Selain itu, pada pasien dengan progresi akibat amplifikasi atau overekspresi MET, penambahan inhibitor MET pada EGFR TKI menghasilkan respons yang lebih signifikan dan tahan lama.
Area prioritas kedua yang disoroti adalah penguatan penggunaan imunoterapi dan terapi target sejak fase lebih dini pada kanker gastrointestinal. Lebih dari separuh kasus kanker gastrointestinal dunia ditemukan di Asia, menjadikannya salah satu kontributor utama beban kanker global.
Studi yang dilakukan oleh AstraZeneca Indonesia menunjukkan bahwa pemberian imunoterapi sejak tahap awal dan secara berkesinambungan dapat meningkatkan peluang kelangsungan hidup pada kelompok pasien tertentu.
Pada kanker lambung dan kanker gastroesophageal junction dari stadium awal hingga lanjut lokal, kombinasi imunoterapi dan kemoterapi terbukti meningkatkan overall survival dan event free survival secara signifikan. Manfaat ini juga terlihat jelas pada pasien Asia yang umumnya memiliki karakteristik penyakit lebih kompleks.
Sementara itu, pada kanker hati stadium lanjut di negara dengan prevalensi hepatitis B tinggi, kombinasi imunoterapi mampu memberikan manfaat kelangsungan hidup hingga lima tahun.
Temuan tersebut menegaskan pentingnya peningkatan kapasitas diagnostik dan penguatan alur rujukan lintas disiplin.

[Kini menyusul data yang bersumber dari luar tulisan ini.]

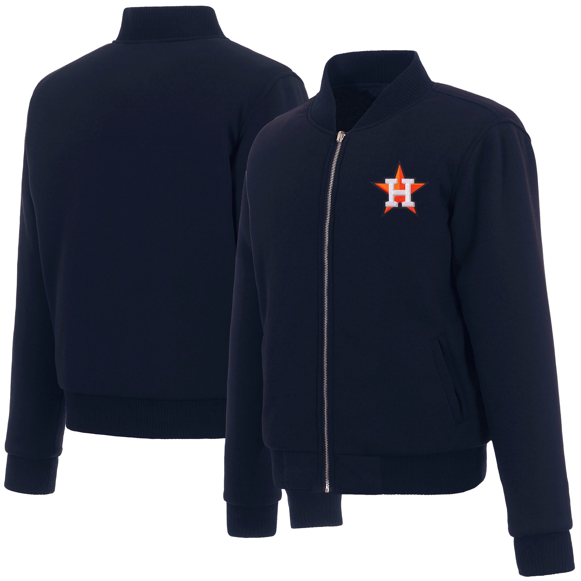 Houston Astros Ladies reversible fleece jacket in navy with embroidered logos. Assembled in the USA. 100% polyester body, reverse nylon side, metal zip closure.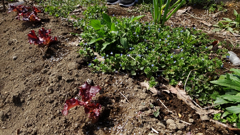 レタスの隣りに生えてきたのはオオイヌノフグリだろう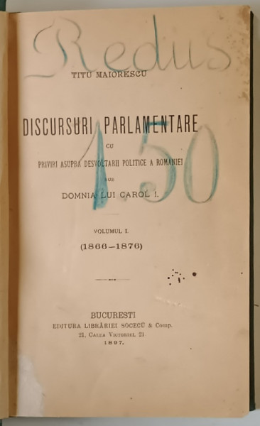 DISCURSURI PARLAMENTARE CU PRIVIRI ASUPRA DESVOLTARII POLITICE A ROMANIEI SUB DOMNIA LUI CAROL I , VOLUMUL I , 1866 - 1876 de TITU MAIORESCU , 1897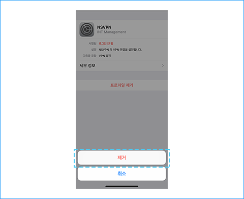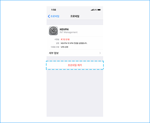 프로파일 화면을 통하여 해당 프로파일이 제거된 것을 확인하실 수 있습니다.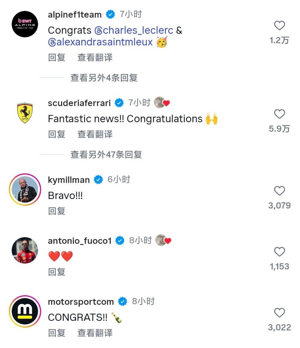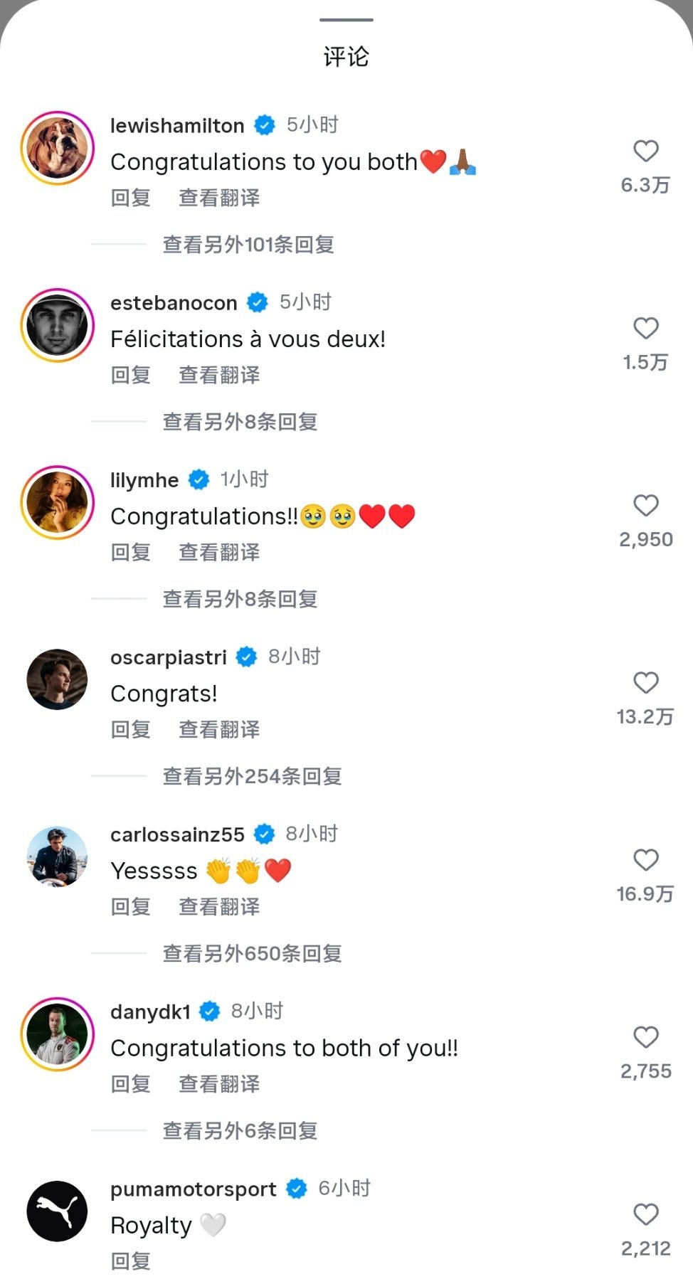 汉密尔顿、奥康、Lily何沐妮、皮亚斯特里、小赛恩斯、科维亚特、PUMA、Alpine车队、法拉利车队、F1官方…等:发来祝贺 恭喜两位![心]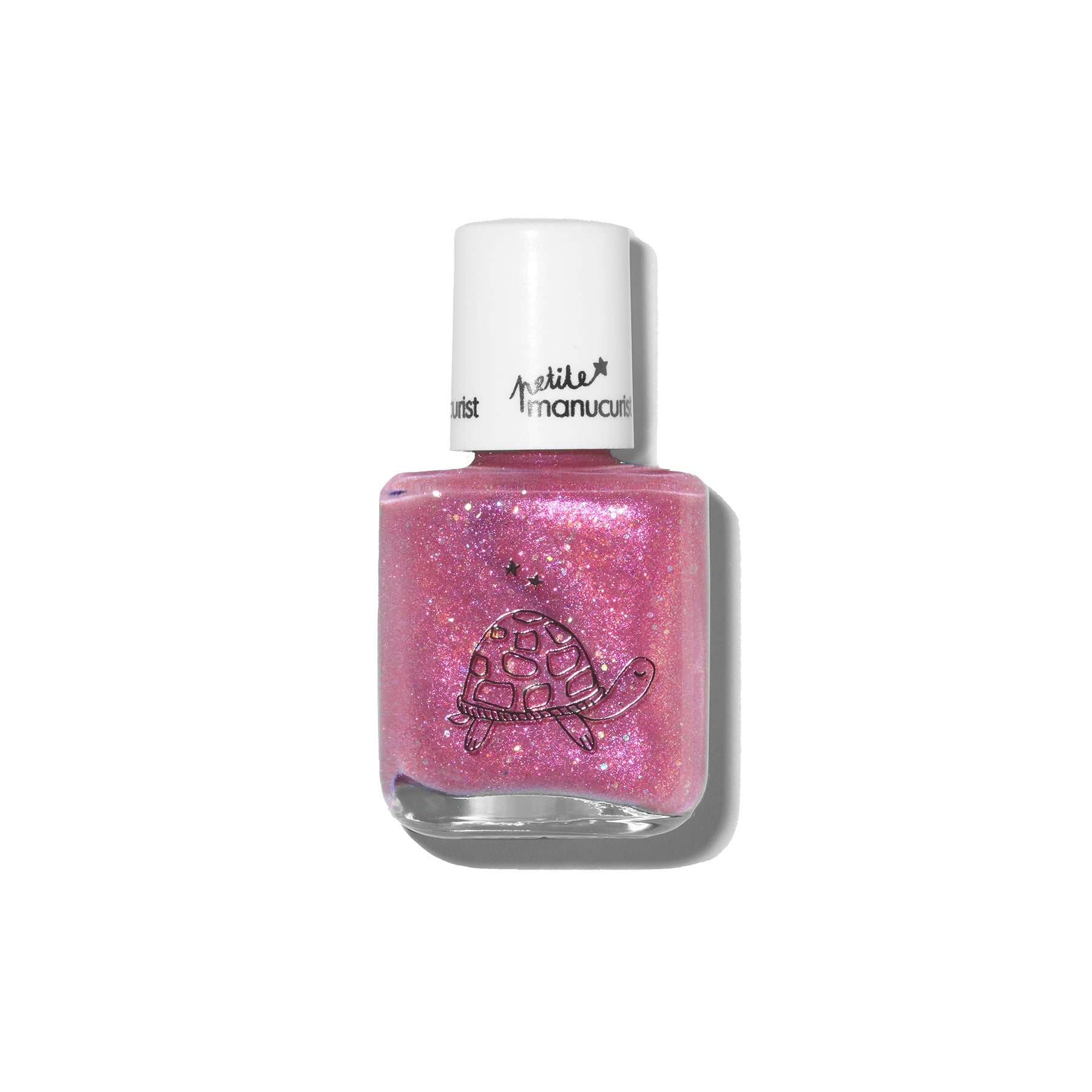 A raspberry glitter pink kids' polish that can be removed with soapy water.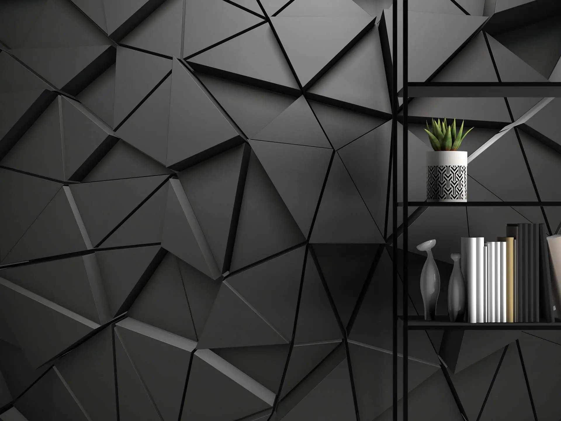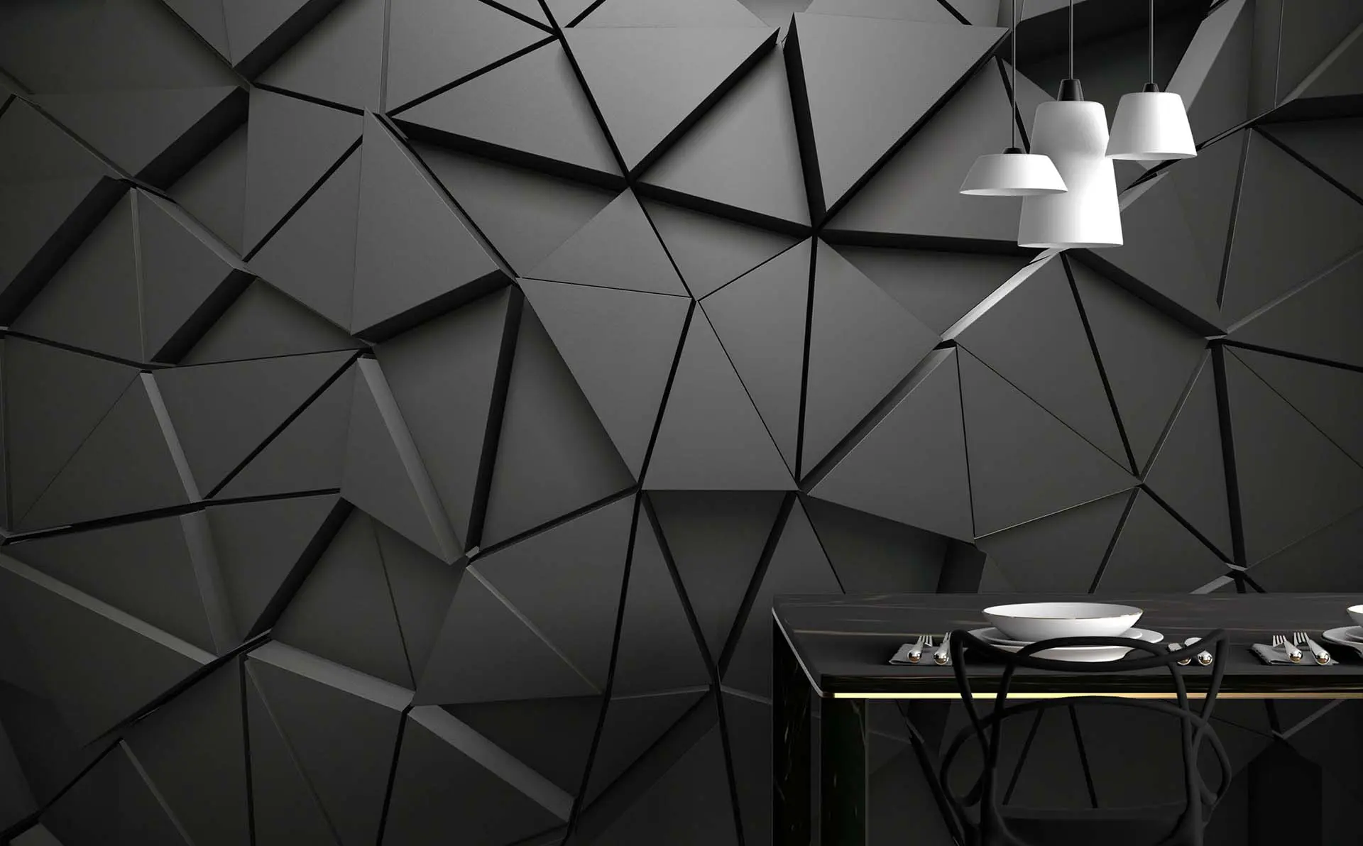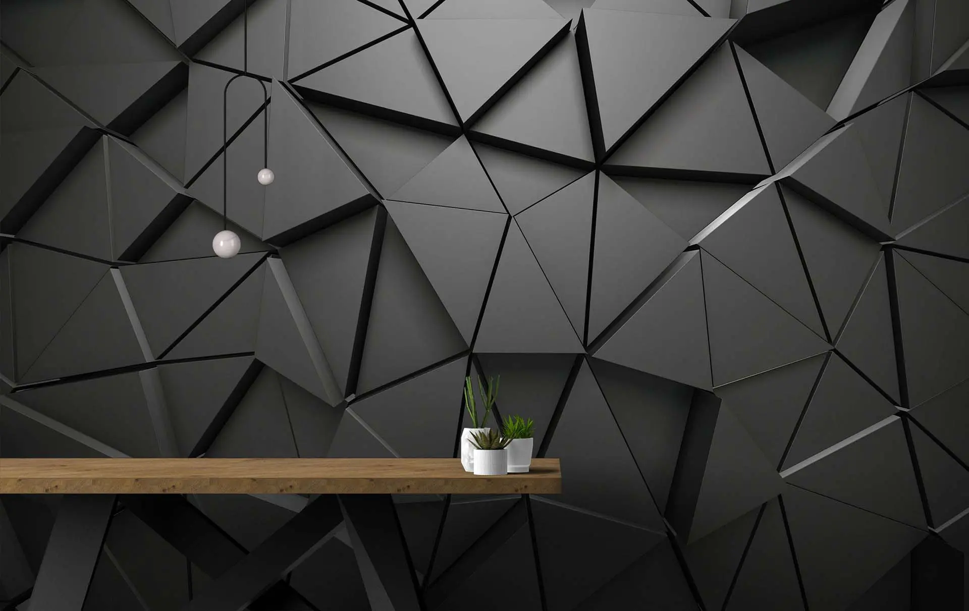 Modern Black & Grey Geometric 3D Wallpaper – Sleek Triangular Block Design for Contemporary Spaces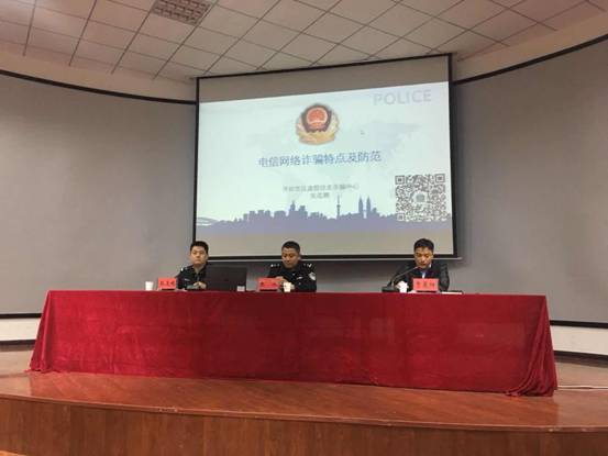 随后,保卫处结合本部门业务特点邀请了开封市公安局防诈骗工作专家为国际教育学院师生开展了专题讲座。讲座中,国际教育学院学生党支部联系人贾晨阳向师生通报了我校扫黑除恶专项斗争的开展情况,并公布了“扫黑除恶”线索举报电话,鼓励同学们拿起法律武器来维护自身的权益。开封市公安局犯罪侦查支队二大队大队长朱冰和反虚假信息诈骗中心副主任张连鹏以“电信网络诈骗特点及防范”为题,结合发生在我市高校中真实的案例,向师生讲述了校园贷、网络刷单等8种常见的电信诈骗手段及应对措施。告诫师生不贪图小利,提高分辨是非的能力,保护好自己的人身以及财产安全。最后,参会警官向师生发放了防诈骗宣传册。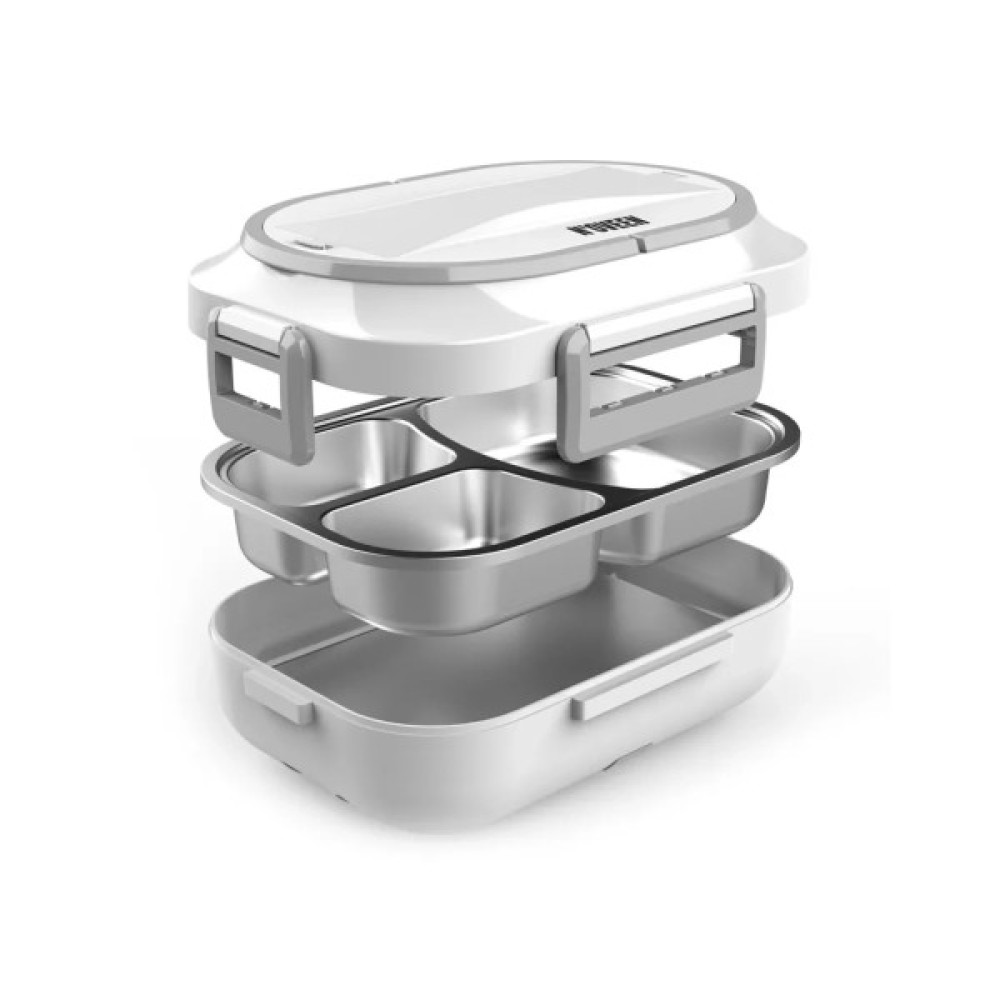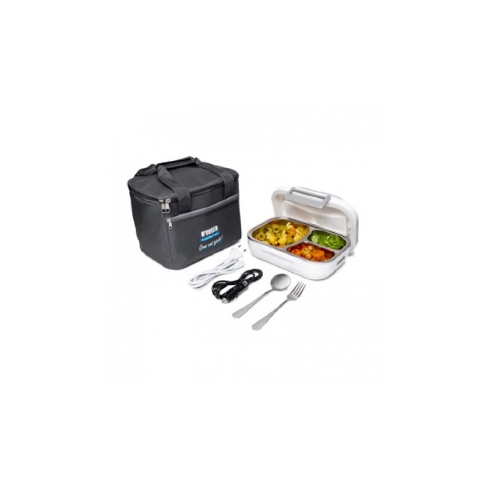 Ланч-бокс LB510 - це поєднання функціональності і мобільності. Надійний і естетичний пристрій оснащений нагрівальним елементом, який дозволяє розігрівати їжу за 30 хвилин від мережі або від автомобільного прикурювача. Нагрівач щільно закритий затискачами, які блокують доступ повітря. Завдяки цьому блюдо довше залишається свіжим. Термосумка додатково захищає і підтримує температуру їжі. Ланч-бокс зручний в подорожах, його можна брати на роботу, навчання, водієві і використовувати для підігріву їжі дітям.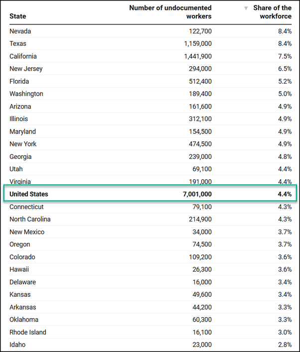 The Center for American progress just released a new study on the employment of undocumented workers in the USA: RELEASE: Millions of Undocumented Immigrants Are Essential to America’s Recovery, New Report Shows. About 4.4% of the employees in the USA are undocumented:
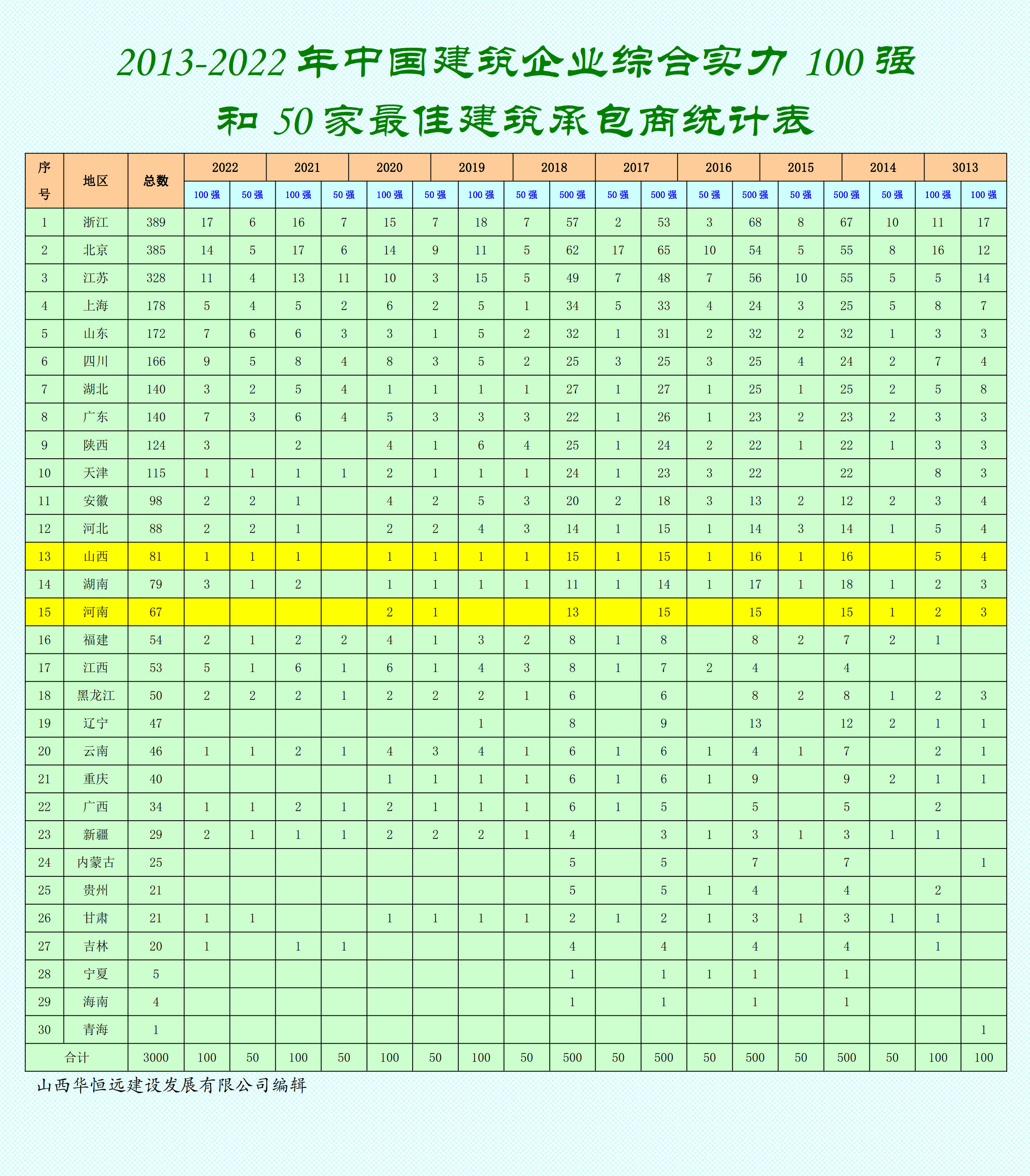 中国建筑企业综合实力100强和中国最佳50家建筑承包商山西榜单

Dengan demikian, lebih banyak pasien dapat memperoleh akses terhadap terapi inovatif yang paling sesuai dengan kondisi klinis mereka.
Prioritas ketiga yang menjadi perhatian adalah meningkatnya peran antibody drug conjugates dalam penanganan kanker payudara. Kanker payudara masih menjadi kanker yang paling sering didiagnosis pada perempuan dan merupakan salah satu penyebab utama kematian akibat kanker. Di banyak negara Asia, penyakit ini kerap terdeteksi pada usia yang lebih muda, yakni 40 hingga 50 tahun, dibandingkan negara Barat yang umumnya pada usia 60 hingga 70 tahun.
Selain itu, pada kanker payudara HER2 positif stadium awal berisiko tinggi, penggunaan ADC praoperatif sebelum terapi standar kombinasi target dan kemoterapi meningkatkan proporsi pasien yang mencapai pathologic complete response tanpa mengurangi kelayakan untuk menjalani pembedahan. Secara keseluruhan, hasil ini menunjukkan bahwa ADC berpotensi memberikan manfaat optimal bila digunakan pada tahap perawatan yang lebih awal.
"Di Indonesia dan kawasan sekitarnya, kami bekerja sama dengan para tenaga kesehatan, pembuat kebijakan, dan komunitas pasien untuk menerjemahkan bukti klinis menjadi akses yang lebih merata, sehingga lebih banyak pasien dapat menerima terapi yang tepat pada waktu yang tepat," kata Esra Eskomay, Presiden Direktur AstraZeneca Indonesia.